I once worked in the IT department of a large Insurance company and the running joke was that if IT were asked to produce an application that simply displayed “Hello World” on the screen, this would take IT at least 6 months to deliver. In general, IT is not typically described as an area of the company that is all that “productive”: Things get delivered that no one can remember having asked for, and they are produced too slowly.
Actually measuring productivity in IT can get complicated. For one, you probably need a function point expert to be able to objectively count the “stuff” that IT produces. Since this is hard and not all that meaningful with regard to the productivity of the labor involved (a function point in a modern CRM system is a lot easier to produce than that same function point on the AS/400) we usually stick with overall indicators such as IT spend/revenue or IT staff/total staff etc.

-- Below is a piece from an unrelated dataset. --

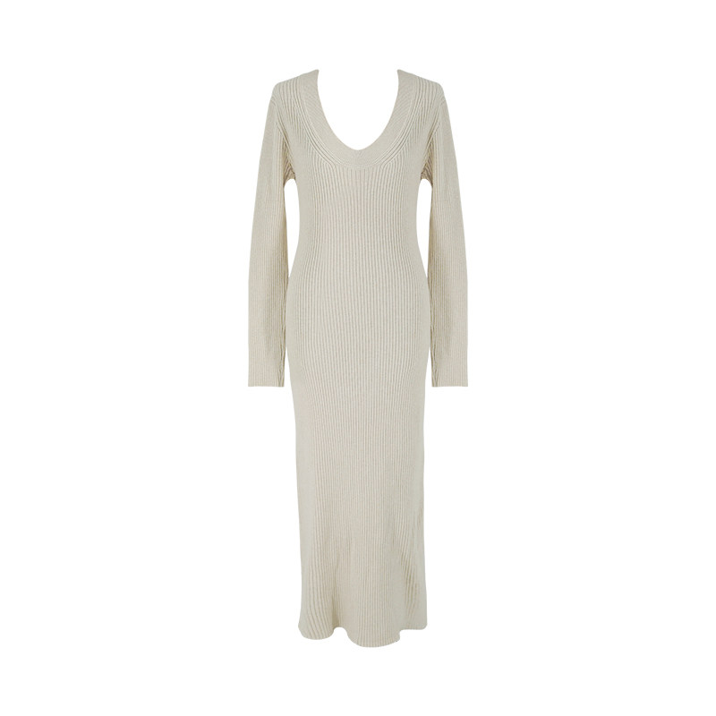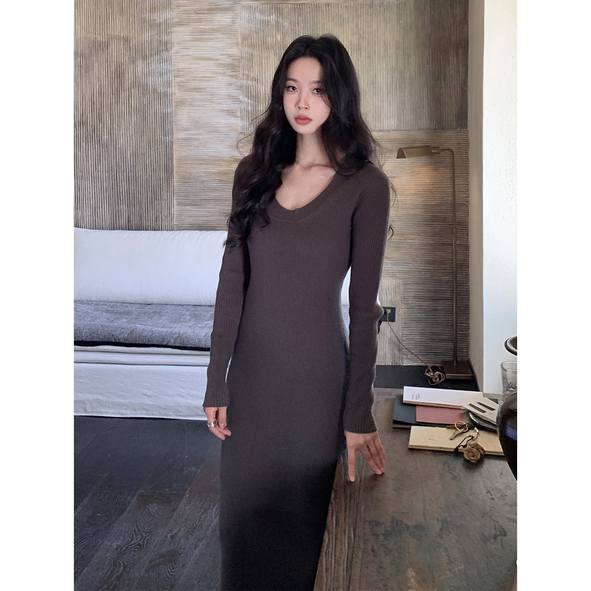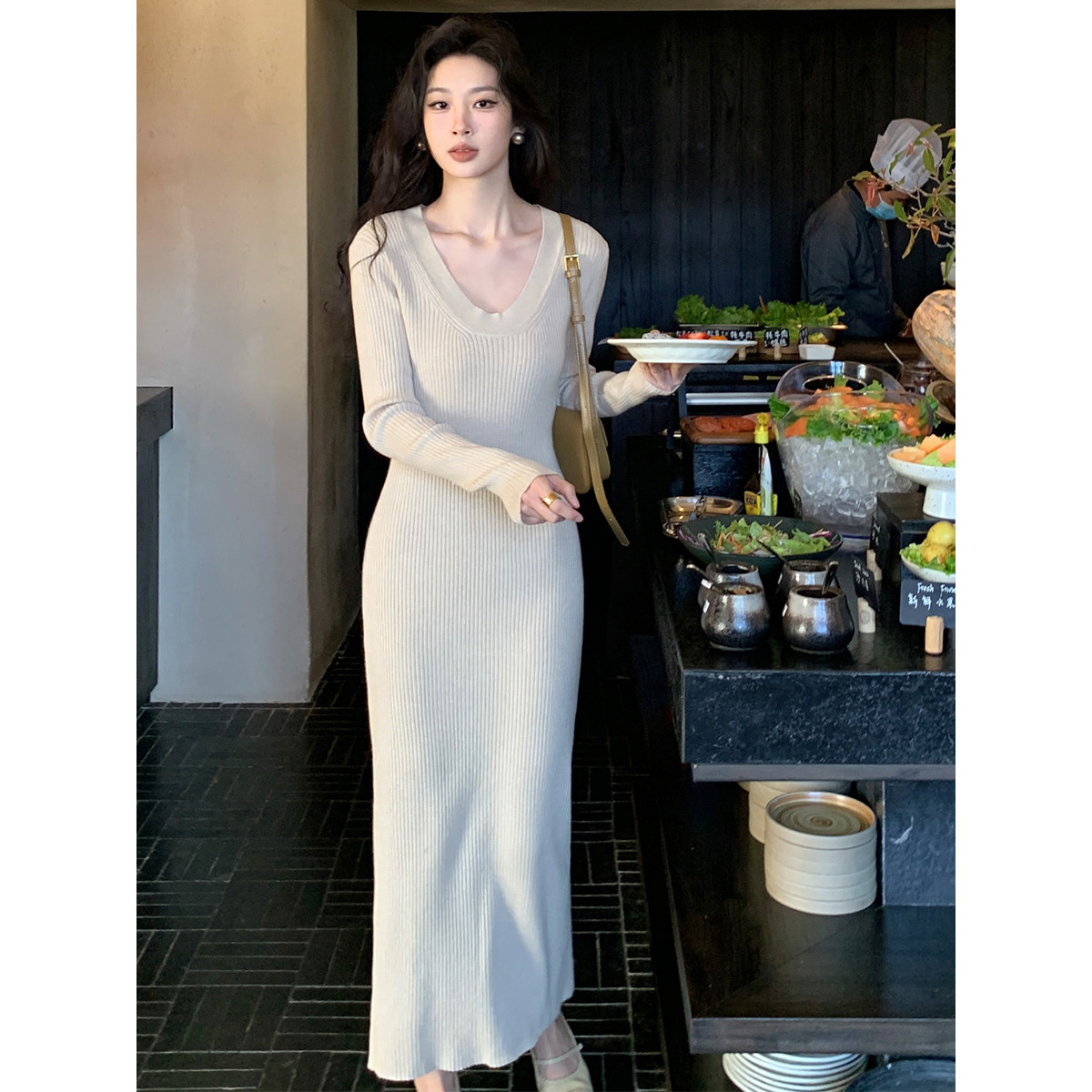新款 显瘦针织连衣裙打底裙女冬季 收腰A字长裙 U型领修身 SYT自制

Metrics you seldom hear being discussed in IT are “work-in-process (WIP)” and “throughput”. And yet, these are highly indicative of IT productivity almost in the same way that they are in a supply chain. High work-in-process means high cost tied up in projects that do not produce benefits, and low throughput means projects take longer than necessary to deliver. If both are true (and they often are because they are related), you have low productivity.
Let me illustrate this with an example derived from real numbers from one of my clients:
The IT department of Example Company has about 65 people in their development group able to produce about 10,000 hours of labor per month. They run roughly 30 projects simultaneously at any given time, partially allocating resources to multiple projects. Each project (on average) is about 4000 hours of effort (EAC). Throughput for Example Company would be 12 months (i.e. on average it will take the IT department 12 months to complete a given project: 10,000/30 = 333 hours of labor per month per project; 4000/333 = 12 months project duration). WIP will likely average around 6 months of labor, assuming projects are in different stages. And 30 projects can be completed in a year (120,000 hours of labor).
If Example Company ran only 10 projects concurrently instead of 30; throughput would be reduced to 4 months (10,000/10 = 1000 hours per project per month; 4000/1000 = 4 months per project). Three times faster delivery!! And WIP would be reduced to roughly 2 months worth of labor (one third!), even though still the same 30 projects would be delivered in the year.
In both cases 30 projects are delivered in the year. However, the total cost in the second case is dramatically lower, since less capital is tied up in WIP. And benefits are greater, since 8 month of productive use can be gained for each project put in production. So, the IT department is made a lot more productive simply by reducing the number of projects they work on at a given time. Interestingly, if Example Company actually did this, it would likely see that individual productivity would go up as well and not 30 but 31 or 32 projects can now be done, because of dramatic reductions in project overhead and task switching embedded in the multiple project model.
For those of you who think this is not something encountered in real IT departments, I would suggest that indeed this is something that applies to most IT departments. So, for CIO’s out there who run a classic job-shop: check how many projects you have going on, how much WIP, and see what happens to productivity if you cut the number of active projects in half.
One final thought: Reflect on this for a moment and you’ll realize that this is the essence of Agile Transformation. Forget Scrum, Stand-up meetings, Sprints, Burn-down charts, Backlogs, etc. etc. These are all mechanisms to improve throughput and reduce WIP and hence improve IT productivity.